Supplied information
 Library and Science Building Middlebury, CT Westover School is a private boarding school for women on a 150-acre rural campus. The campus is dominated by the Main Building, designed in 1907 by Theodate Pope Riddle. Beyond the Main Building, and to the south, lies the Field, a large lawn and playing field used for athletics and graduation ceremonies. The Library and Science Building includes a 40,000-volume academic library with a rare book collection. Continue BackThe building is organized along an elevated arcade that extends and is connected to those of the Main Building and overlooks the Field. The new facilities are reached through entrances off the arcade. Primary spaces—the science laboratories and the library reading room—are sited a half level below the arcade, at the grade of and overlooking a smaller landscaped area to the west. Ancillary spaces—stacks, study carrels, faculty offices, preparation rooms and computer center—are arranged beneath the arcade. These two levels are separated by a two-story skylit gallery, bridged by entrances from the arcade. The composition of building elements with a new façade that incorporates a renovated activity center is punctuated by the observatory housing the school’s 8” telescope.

...

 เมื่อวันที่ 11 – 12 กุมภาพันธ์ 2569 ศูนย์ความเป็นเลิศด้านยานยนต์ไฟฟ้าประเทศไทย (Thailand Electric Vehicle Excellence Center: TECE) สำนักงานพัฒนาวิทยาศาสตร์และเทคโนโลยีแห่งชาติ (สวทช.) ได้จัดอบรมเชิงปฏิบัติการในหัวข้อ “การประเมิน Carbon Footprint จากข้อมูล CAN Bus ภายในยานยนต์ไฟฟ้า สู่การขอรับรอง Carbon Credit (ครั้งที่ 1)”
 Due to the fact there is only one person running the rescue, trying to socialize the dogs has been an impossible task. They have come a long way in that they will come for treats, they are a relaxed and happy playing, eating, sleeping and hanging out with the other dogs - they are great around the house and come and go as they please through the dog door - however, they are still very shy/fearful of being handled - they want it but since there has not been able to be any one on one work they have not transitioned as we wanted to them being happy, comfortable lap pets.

==

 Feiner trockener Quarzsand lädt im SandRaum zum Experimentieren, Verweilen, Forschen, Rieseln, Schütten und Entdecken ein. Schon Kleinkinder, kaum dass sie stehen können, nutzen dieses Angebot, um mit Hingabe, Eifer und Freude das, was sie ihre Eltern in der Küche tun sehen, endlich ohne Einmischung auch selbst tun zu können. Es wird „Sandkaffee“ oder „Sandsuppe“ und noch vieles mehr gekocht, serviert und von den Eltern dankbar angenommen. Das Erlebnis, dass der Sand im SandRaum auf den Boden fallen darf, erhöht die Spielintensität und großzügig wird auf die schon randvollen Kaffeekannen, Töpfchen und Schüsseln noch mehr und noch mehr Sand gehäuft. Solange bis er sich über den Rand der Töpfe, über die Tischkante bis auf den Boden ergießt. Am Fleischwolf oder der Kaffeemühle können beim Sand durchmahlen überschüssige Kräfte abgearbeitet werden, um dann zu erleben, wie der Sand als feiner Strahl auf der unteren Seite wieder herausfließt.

Your assignment
Proceeding from the line containing "เมื่อวันที่ 11 –" through the line containing "Due to the fact", transcribe the lines above exactly, both end lines included.

Reply to the exercise
 เมื่อวันที่ 11 – 12 กุมภาพันธ์ 2569 ศูนย์ความเป็นเลิศด้านยานยนต์ไฟฟ้าประเทศไทย (Thailand Electric Vehicle Excellence Center: TECE) สำนักงานพัฒนาวิทยาศาสตร์และเทคโนโลยีแห่งชาติ (สวทช.) ได้จัดอบรมเชิงปฏิบัติการในหัวข้อ “การประเมิน Carbon Footprint จากข้อมูล CAN Bus ภายในยานยนต์ไฟฟ้า สู่การขอรับรอง Carbon Credit (ครั้งที่ 1)”
 Due to the fact there is only one person running the rescue, trying to socialize the dogs has been an impossible task. They have come a long way in that they will come for treats, they are a relaxed and happy playing, eating, sleeping and hanging out with the other dogs - they are great around the house and come and go as they please through the dog door - however, they are still very shy/fearful of being handled - they want it but since there has not been able to be any one on one work they have not transitioned as we wanted to them being happy, comfortable lap pets.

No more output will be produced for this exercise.